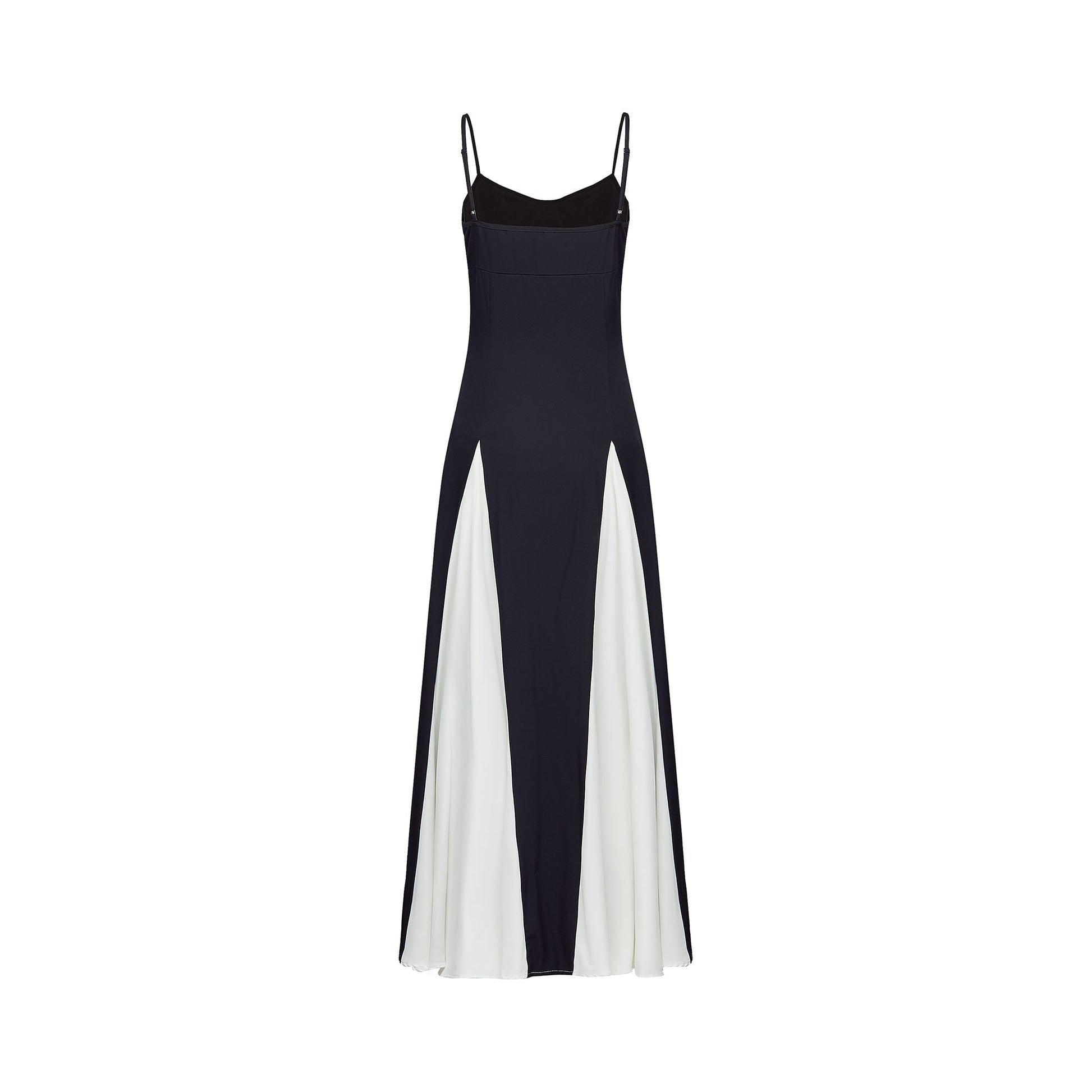 This black and white maxi dress offers a striking contrast in color and design, perfect for making a bold statement. Featuring a fully pleated structure and adjustable shoulder straps, this dress combines elegance with effortless movement.
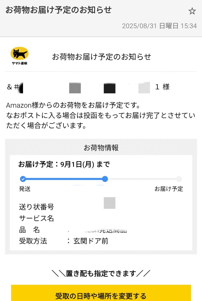 と思いクロネコからのメールをよく見ると
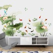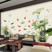 2 Adet/takım Duvar Sticker Çin Tarzı Su Geçirmez Kendinden Yapışkanlı Lotus Sazan Uçan Kuşlar Arka Plan Etiket Yatak Odası Dekoru Diğer
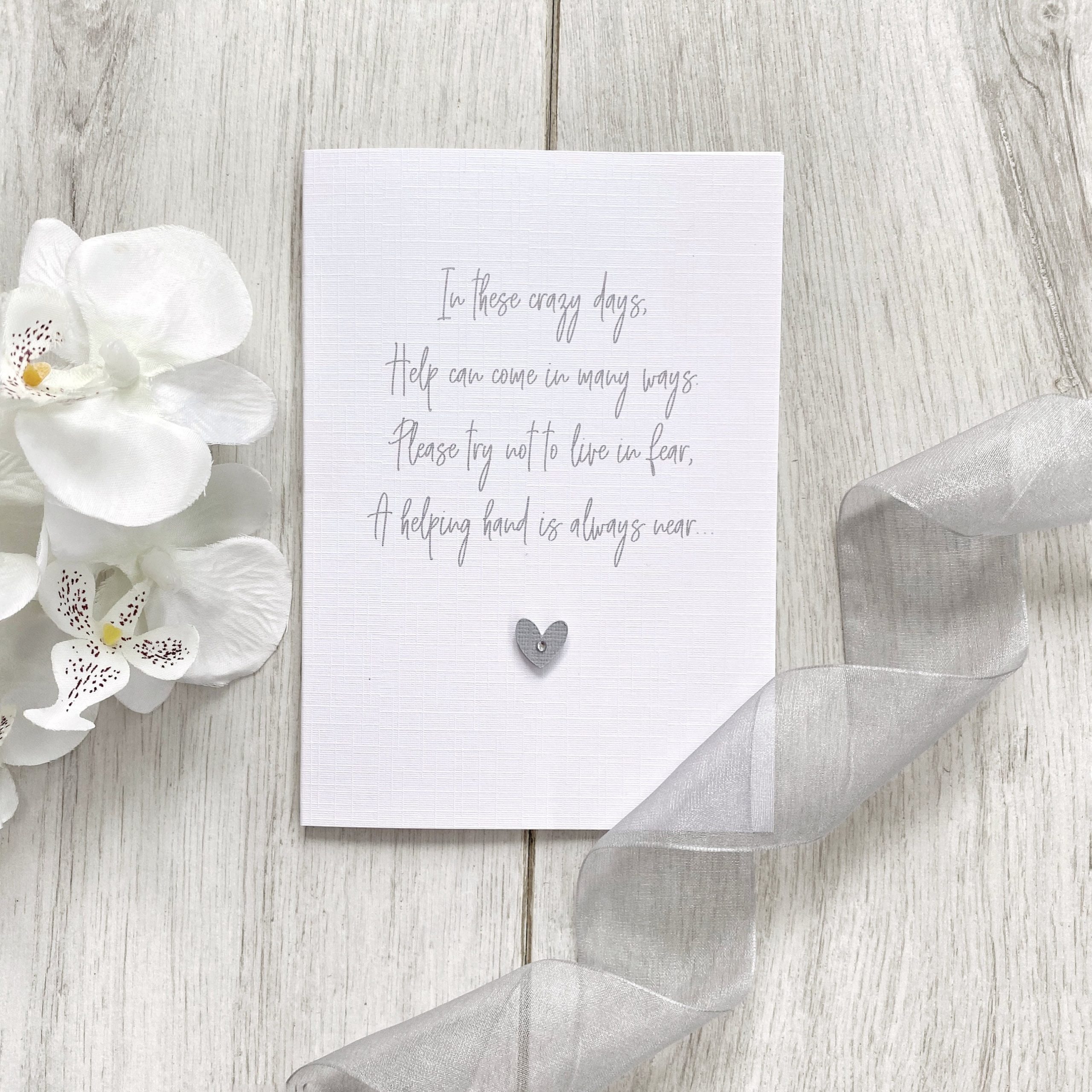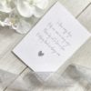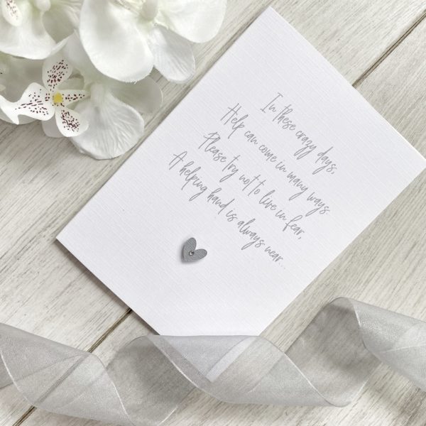 ◆ Printed in grey font and embellished with grey textured colour coordinating card heart on a raised pad with a little silver gem in the heart.

WHAT YOU HAVE TO DO: Reproduce the data above without a single change, please, but without its pictures.

RESULT:
 This black and white maxi dress offers a striking contrast in color and design, perfect for making a bold statement. Featuring a fully pleated structure and adjustable shoulder straps, this dress combines elegance with effortless movement.
 と思いクロネコからのメールをよく見ると
 2 Adet/takım Duvar Sticker Çin Tarzı Su Geçirmez Kendinden Yapışkanlı Lotus Sazan Uçan Kuşlar Arka Plan Etiket Yatak Odası Dekoru Diğer
 ◆ Printed in grey font and embellished with grey textured colour coordinating card heart on a raised pad with a little silver gem in the heart.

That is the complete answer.